В конце концов она заказала в Милане цифровой клавесин крайне сложного устройства, но почти невесомый (доставщик сам донес его до виллы над морем – palazzo a таге, как он выразился), который тотчас возненавидела.
* * *
Все любящие боятся. Она ужасно боялась, что не подойдет этому дому. Потом испытала страх совершить промах, взявшись за его ремонт. Страх убить его силу. Страх нарушить его равновесие. И еще страх разочарования. Страх быть не такой счастливой, как она понадеялась, впервые увидев виллу.
Но весна смела все страхи.
Расцвели пышные купы жасмина.
Расцвели розы на кустах.
И бесчисленные анемоны с их яркими, сочными красками и эфемерной красотой.
И маки.
Ей нравилось плавать в холодном море, напоминавшем о Бретани.
Теперь ей понравилось утомлять себя плаваньем в море, ставшем с весной более теплым и более сумрачным. Усталость погружала ее в странную, трудно определимую эйфорию. Море, голубое или зеленое, скользило по ее плечам, скользило по затылку, скользило между ног, обволакивало своими течениями, увлекало своей мощью. Она плавала только кролем и поворачивала к берегу, лишь ощутив усталость. Тогда она ложилась на спину, отдыхала, а потом медленно плыла назад, все так же, на спине или слегка повернувшись набок, чтобы вовремя увидеть скалу, и загребая одной рукой, «по-индейски».
Старая женщина подошла к автобусной остановке.
И застыла в ожидании.
Свою продуктовую сумку она положила на белое пластиковое сиденье.
У тех, к кому близится смерть, мускулы внезапно расслабляются. Взгляд растерянно блуждает.
Старая женщина держит в одной руке букет цветов, а в другой свою сумочку. Этой сумочке она находит оригинальное место – сует ее в продуктовую, которая на самом деле представляет собой старую черную сетку.
– Мама! – шепчет Анна.
– Элиана, наконец-то!
Мадам Хидельштейн указывает подбородком на цветы.
– Это я для тебя купила.
– Спасибо, мама. Стоит май.
Анна Хидден вернулась домой.
– Ну-ка, помоги мне, дочка.
Они обе шагают, опустив головы, борясь с бретонским ветром.

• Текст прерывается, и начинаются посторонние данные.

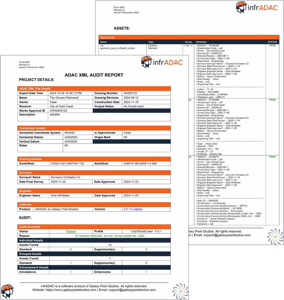 The management of ADAC XML data has long been a challenge for councils, utilities, and consultants. Existing tools often rely on outdated software or fragmented processes that create inefficiencies and increase the risk of non-compliant submissions. To address these challenges, Galaxy Pixel Studios has released infrADAC CAD and infrADAC Map, two purpose-built applications designed to modernise the way organisations create, validate, and work with ADAC XML.

Одна держит свою сумочку и цветы. Вторая – чемодан и сетку, из которой торчит буханка хлеба.
* * *
Анна кладет сетку с продуктами на раковину. Наливает воду в оловянный кувшин. Ее медальон задевает за металлический бортик раковины и открывается.
Она сует его в карман своего жилета.
Спешит помочь матери, которая из-за больной руки никак не может снять пальто, стоя на пороге кухни.
Мать сильно исхудала. Из коротких рукавов кофточки высовываются длинные тонкие руки, похожие на голые ветки, – только кости да обвисшая кожа.
– Почему ты теперь одна? – вдруг спрашивает мать. – Никак тебя не пойму.
– Мама, главное, чтобы я сама себя хорошо понимала.
Но мать давно привыкла оставлять за собой последнее слово. Дрожащими руками она переносит на стол супницу, полную холодной воды, в которой размокает чечевица. И говорит:
– Никому не дано понимать себя, Элиана.
– Ну а ты разве не одна? Разве ты не прожила одна целых сорок лет? – зло парирует Анна.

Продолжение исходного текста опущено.